Action item -> Return each line of the listing that contains the string "tuán".

Input for this task ->
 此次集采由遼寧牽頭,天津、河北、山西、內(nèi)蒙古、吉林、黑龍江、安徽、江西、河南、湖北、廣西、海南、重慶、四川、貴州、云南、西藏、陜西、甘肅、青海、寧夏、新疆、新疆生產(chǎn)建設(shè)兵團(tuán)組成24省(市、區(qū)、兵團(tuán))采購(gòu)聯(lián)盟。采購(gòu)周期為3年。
* * *
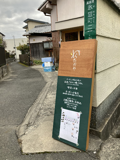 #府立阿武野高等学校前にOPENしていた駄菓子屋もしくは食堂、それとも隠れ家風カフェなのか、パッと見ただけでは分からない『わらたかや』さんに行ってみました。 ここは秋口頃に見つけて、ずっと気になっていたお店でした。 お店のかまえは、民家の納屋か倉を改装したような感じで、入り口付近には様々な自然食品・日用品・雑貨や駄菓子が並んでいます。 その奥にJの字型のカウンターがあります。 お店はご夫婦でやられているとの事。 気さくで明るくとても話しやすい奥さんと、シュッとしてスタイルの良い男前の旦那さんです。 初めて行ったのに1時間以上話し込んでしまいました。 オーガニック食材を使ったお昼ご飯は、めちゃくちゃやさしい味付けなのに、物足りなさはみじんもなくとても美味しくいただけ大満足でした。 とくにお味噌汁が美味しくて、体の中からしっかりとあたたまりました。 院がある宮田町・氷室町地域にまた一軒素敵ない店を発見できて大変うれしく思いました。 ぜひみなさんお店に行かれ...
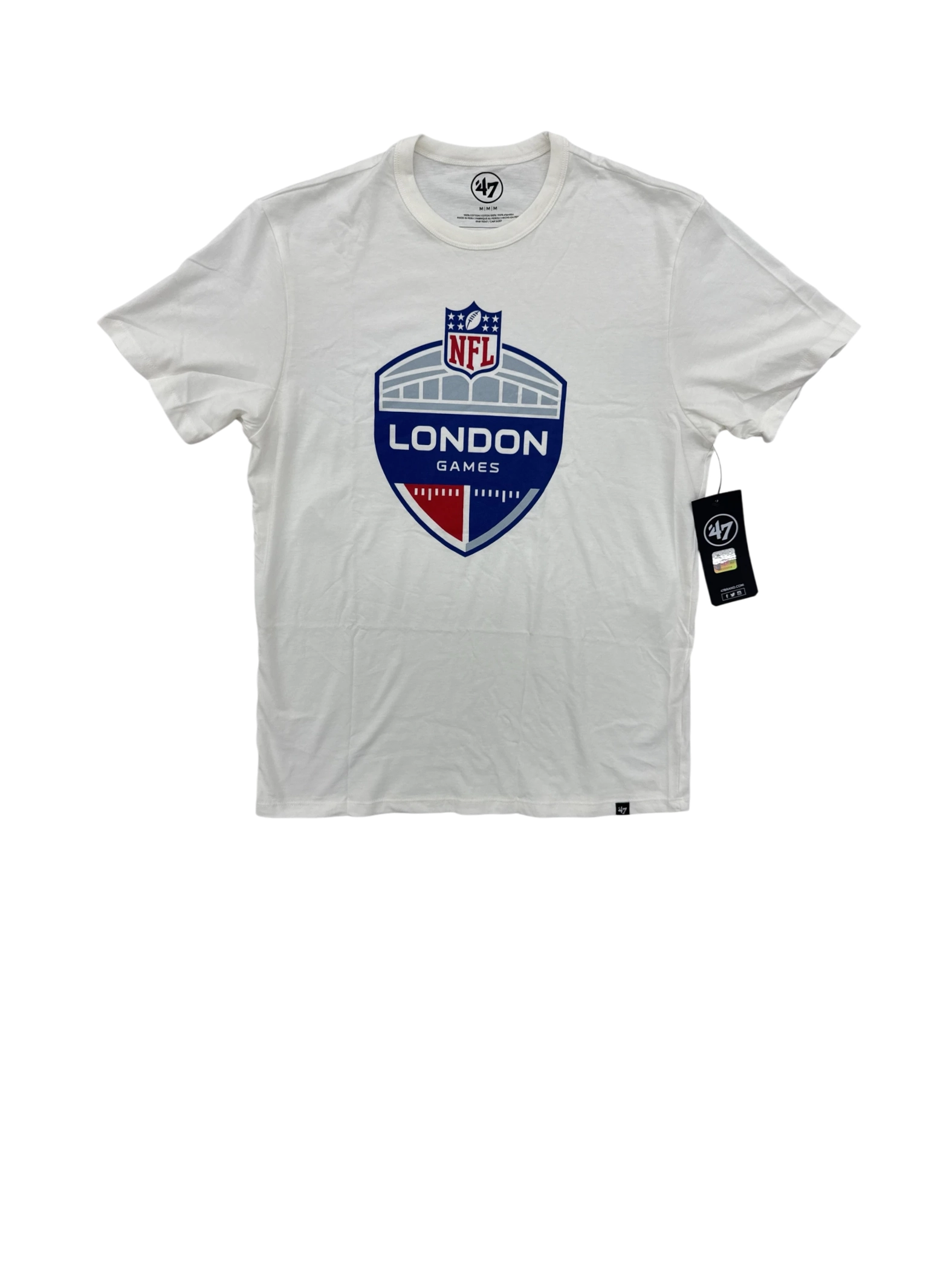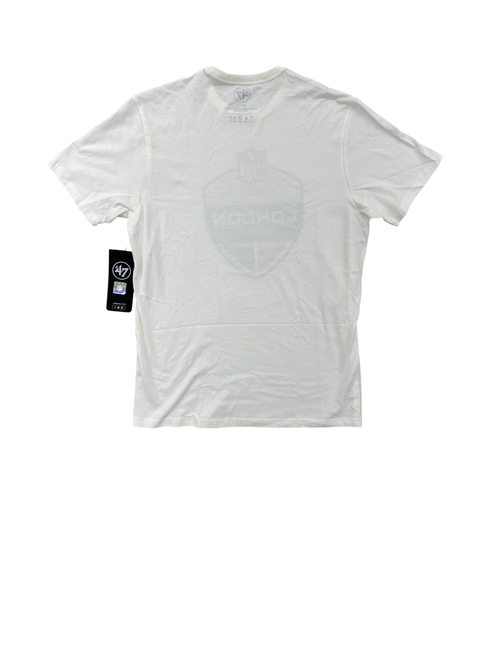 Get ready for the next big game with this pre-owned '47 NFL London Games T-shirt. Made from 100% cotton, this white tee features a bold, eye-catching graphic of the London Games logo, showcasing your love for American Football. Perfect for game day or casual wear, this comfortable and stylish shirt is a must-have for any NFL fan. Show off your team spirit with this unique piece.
...
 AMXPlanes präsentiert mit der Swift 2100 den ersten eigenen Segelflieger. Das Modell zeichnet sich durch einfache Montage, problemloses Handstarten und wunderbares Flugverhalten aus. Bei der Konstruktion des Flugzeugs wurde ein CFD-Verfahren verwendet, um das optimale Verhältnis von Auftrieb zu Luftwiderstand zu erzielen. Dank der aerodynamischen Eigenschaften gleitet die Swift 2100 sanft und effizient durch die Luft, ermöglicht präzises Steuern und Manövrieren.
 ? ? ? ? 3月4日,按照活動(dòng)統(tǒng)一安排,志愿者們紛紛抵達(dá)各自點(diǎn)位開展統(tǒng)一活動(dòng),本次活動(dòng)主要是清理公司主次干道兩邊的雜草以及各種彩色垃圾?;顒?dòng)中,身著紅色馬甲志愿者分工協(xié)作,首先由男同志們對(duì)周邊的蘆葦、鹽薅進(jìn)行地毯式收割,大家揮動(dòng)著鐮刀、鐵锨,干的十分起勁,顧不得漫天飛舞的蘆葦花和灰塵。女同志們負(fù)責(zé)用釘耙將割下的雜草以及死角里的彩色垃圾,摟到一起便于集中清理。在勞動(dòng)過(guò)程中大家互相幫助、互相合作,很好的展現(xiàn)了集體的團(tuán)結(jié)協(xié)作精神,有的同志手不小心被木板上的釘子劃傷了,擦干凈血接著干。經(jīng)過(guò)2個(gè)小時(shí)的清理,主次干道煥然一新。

Response for this exercise ->
 此次集采由遼寧牽頭,天津、河北、山西、內(nèi)蒙古、吉林、黑龍江、安徽、江西、河南、湖北、廣西、海南、重慶、四川、貴州、云南、西藏、陜西、甘肅、青海、寧夏、新疆、新疆生產(chǎn)建設(shè)兵團(tuán)組成24省(市、區(qū)、兵團(tuán))采購(gòu)聯(lián)盟。采購(gòu)周期為3年。
 ? ? ? ? 3月4日,按照活動(dòng)統(tǒng)一安排,志愿者們紛紛抵達(dá)各自點(diǎn)位開展統(tǒng)一活動(dòng),本次活動(dòng)主要是清理公司主次干道兩邊的雜草以及各種彩色垃圾?;顒?dòng)中,身著紅色馬甲志愿者分工協(xié)作,首先由男同志們對(duì)周邊的蘆葦、鹽薅進(jìn)行地毯式收割,大家揮動(dòng)著鐮刀、鐵锨,干的十分起勁,顧不得漫天飛舞的蘆葦花和灰塵。女同志們負(fù)責(zé)用釘耙將割下的雜草以及死角里的彩色垃圾,摟到一起便于集中清理。在勞動(dòng)過(guò)程中大家互相幫助、互相合作,很好的展現(xiàn)了集體的團(tuán)結(jié)協(xié)作精神,有的同志手不小心被木板上的釘子劃傷了,擦干凈血接著干。經(jīng)過(guò)2個(gè)小時(shí)的清理,主次干道煥然一新。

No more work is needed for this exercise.